• **Exercise brief**:
Shown below are entries with pictures; the line with "- Original Turmeric" through the line with "使用しているのはアクアココ(お水)のみ。" is the span to retype exactly, and the pictures stay out.

• **Material for this exercise**:
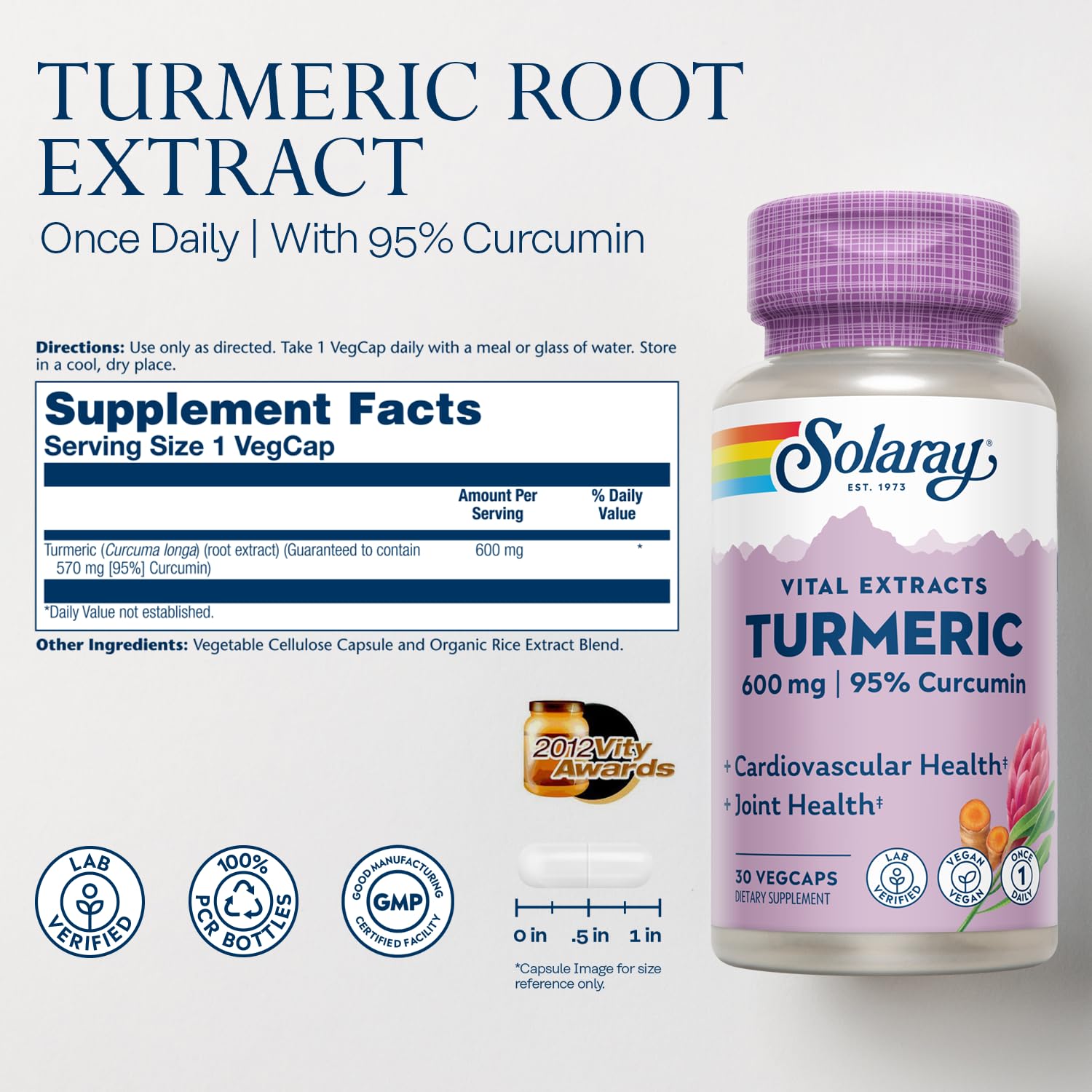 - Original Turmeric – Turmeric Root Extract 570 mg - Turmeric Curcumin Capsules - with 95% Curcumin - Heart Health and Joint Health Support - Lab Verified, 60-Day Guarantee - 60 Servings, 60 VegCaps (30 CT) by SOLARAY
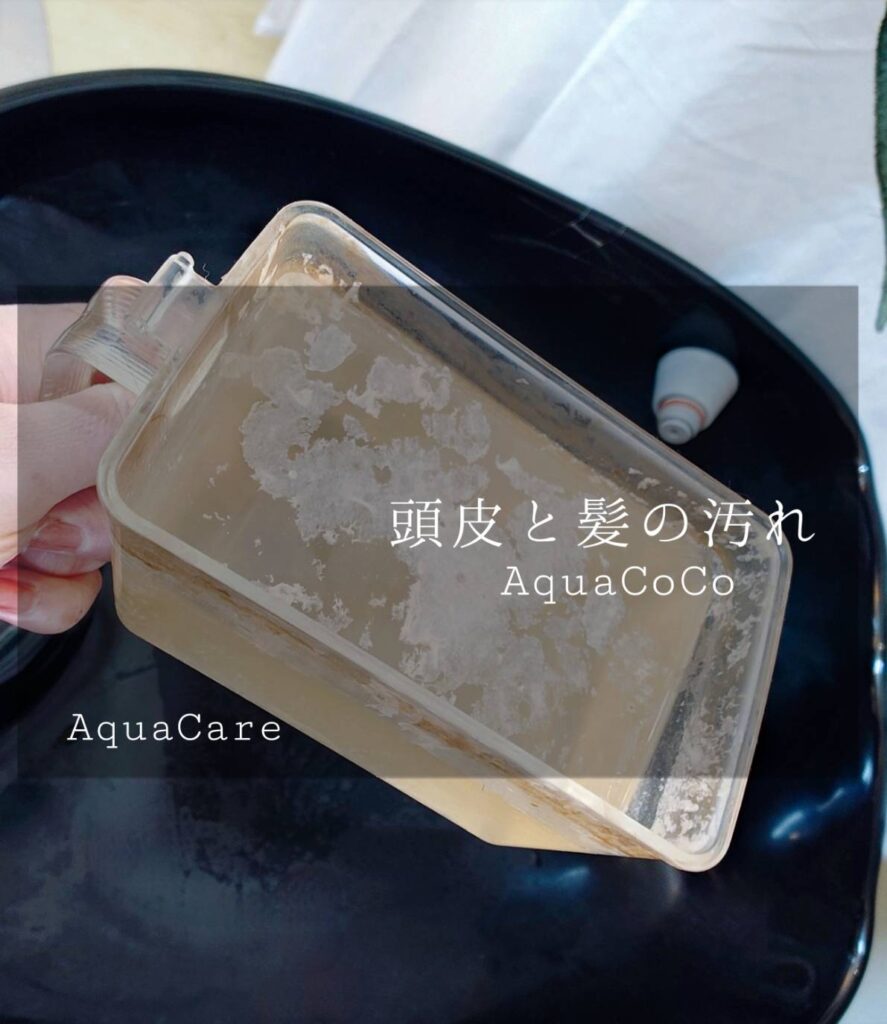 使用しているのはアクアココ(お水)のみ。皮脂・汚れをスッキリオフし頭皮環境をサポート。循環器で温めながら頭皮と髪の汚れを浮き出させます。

--

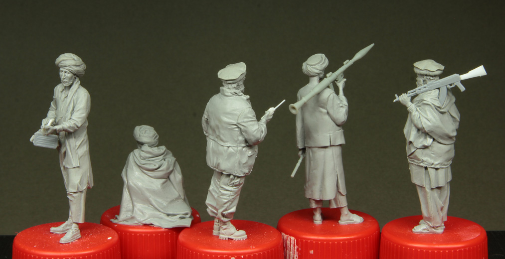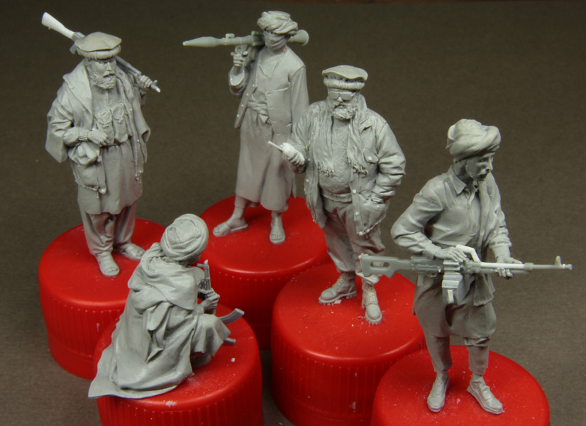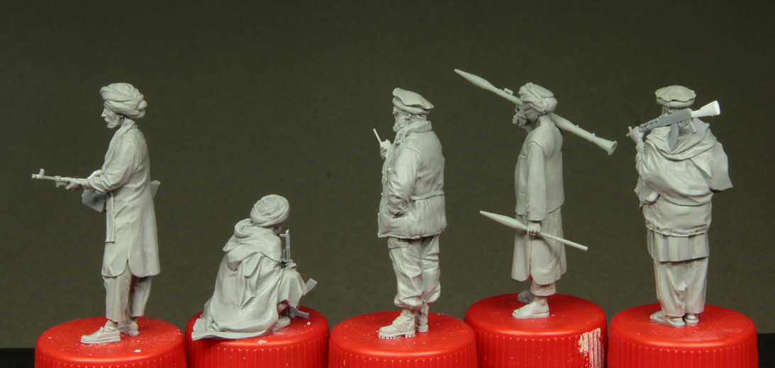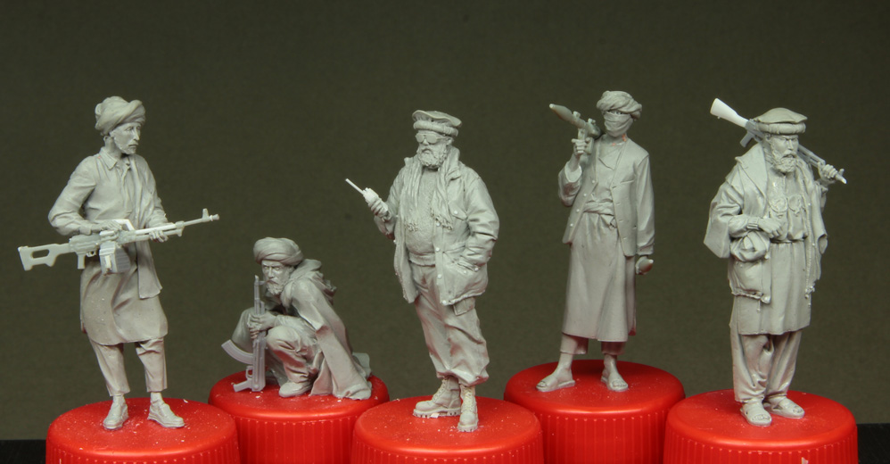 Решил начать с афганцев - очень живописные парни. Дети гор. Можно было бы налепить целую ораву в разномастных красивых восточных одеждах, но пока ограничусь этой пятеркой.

---

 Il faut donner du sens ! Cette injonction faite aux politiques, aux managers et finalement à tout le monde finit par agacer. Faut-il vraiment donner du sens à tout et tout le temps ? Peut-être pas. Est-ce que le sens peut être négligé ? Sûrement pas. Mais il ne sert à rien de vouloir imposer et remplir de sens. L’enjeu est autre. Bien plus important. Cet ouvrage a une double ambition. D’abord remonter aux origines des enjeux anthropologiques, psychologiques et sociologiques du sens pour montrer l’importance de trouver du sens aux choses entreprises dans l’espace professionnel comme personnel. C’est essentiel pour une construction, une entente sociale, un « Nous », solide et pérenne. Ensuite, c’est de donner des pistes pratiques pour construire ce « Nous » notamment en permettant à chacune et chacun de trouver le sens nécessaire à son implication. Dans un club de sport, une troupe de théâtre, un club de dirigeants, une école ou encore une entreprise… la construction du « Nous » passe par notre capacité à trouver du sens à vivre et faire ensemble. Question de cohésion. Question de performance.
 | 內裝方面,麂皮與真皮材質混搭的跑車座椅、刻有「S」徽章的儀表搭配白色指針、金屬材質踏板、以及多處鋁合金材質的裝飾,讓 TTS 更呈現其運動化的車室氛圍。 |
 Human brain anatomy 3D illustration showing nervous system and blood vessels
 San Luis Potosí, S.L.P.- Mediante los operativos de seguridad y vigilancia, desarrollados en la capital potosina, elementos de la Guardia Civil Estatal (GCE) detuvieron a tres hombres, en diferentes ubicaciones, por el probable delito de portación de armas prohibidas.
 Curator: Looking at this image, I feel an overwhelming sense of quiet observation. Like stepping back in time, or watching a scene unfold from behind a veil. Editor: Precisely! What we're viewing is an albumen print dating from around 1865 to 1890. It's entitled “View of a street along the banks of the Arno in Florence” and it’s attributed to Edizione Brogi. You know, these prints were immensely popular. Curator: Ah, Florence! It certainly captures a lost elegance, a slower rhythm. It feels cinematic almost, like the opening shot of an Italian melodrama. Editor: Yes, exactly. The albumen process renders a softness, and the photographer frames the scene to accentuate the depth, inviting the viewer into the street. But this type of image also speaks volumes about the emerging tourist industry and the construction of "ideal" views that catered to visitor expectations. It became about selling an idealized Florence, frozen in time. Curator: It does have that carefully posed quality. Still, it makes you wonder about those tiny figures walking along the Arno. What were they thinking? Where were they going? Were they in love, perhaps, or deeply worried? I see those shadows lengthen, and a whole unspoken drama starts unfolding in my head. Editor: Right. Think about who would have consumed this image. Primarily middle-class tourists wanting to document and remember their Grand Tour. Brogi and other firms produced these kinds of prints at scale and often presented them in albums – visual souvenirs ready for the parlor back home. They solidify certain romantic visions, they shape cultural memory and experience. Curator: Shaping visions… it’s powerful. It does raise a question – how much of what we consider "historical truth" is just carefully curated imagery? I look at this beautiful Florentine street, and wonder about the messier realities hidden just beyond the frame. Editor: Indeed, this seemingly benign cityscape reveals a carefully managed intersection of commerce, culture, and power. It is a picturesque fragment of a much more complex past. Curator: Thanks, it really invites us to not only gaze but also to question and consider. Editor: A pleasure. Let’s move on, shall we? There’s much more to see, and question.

• **Output below**:
 - Original Turmeric – Turmeric Root Extract 570 mg - Turmeric Curcumin Capsules - with 95% Curcumin - Heart Health and Joint Health Support - Lab Verified, 60-Day Guarantee - 60 Servings, 60 VegCaps (30 CT) by SOLARAY
 使用しているのはアクアココ(お水)のみ。皮脂・汚れをスッキリオフし頭皮環境をサポート。循環器で温めながら頭皮と髪の汚れを浮き出させます。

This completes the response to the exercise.